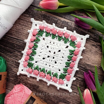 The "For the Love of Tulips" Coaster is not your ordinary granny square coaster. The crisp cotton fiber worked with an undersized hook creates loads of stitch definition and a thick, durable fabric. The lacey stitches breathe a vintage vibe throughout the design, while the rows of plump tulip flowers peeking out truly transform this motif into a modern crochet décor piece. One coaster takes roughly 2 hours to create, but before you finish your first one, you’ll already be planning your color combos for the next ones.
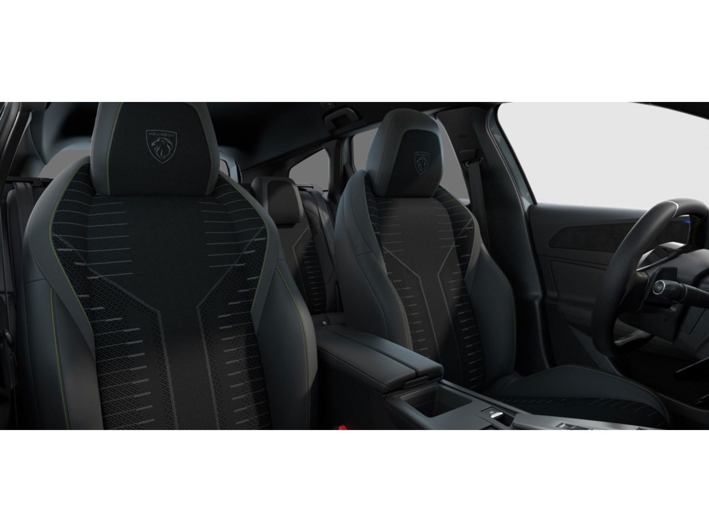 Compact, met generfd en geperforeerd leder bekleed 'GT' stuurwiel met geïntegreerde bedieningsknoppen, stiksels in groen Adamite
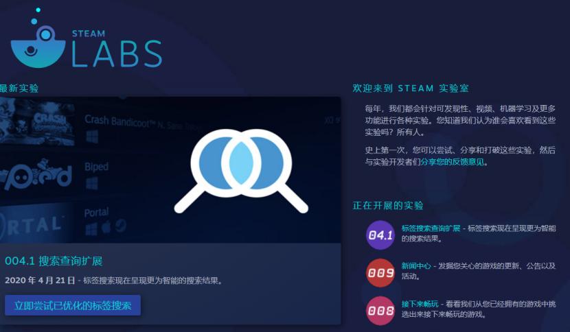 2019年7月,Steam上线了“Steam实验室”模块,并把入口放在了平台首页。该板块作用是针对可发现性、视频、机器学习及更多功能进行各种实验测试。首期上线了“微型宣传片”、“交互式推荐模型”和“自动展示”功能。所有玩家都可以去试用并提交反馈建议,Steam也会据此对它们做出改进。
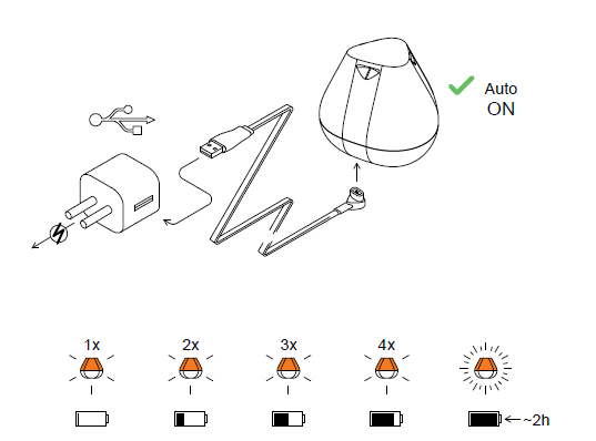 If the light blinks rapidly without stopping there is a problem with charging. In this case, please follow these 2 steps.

================================

Try it | Would you retype every line shown above exactly, leaving the pictures aside?

Answer box |
 The "For the Love of Tulips" Coaster is not your ordinary granny square coaster. The crisp cotton fiber worked with an undersized hook creates loads of stitch definition and a thick, durable fabric. The lacey stitches breathe a vintage vibe throughout the design, while the rows of plump tulip flowers peeking out truly transform this motif into a modern crochet décor piece. One coaster takes roughly 2 hours to create, but before you finish your first one, you’ll already be planning your color combos for the next ones.
 Compact, met generfd en geperforeerd leder bekleed 'GT' stuurwiel met geïntegreerde bedieningsknoppen, stiksels in groen Adamite
 2019年7月,Steam上线了“Steam实验室”模块,并把入口放在了平台首页。该板块作用是针对可发现性、视频、机器学习及更多功能进行各种实验测试。首期上线了“微型宣传片”、“交互式推荐模型”和“自动展示”功能。所有玩家都可以去试用并提交反馈建议,Steam也会据此对它们做出改进。
 If the light blinks rapidly without stopping there is a problem with charging. In this case, please follow these 2 steps.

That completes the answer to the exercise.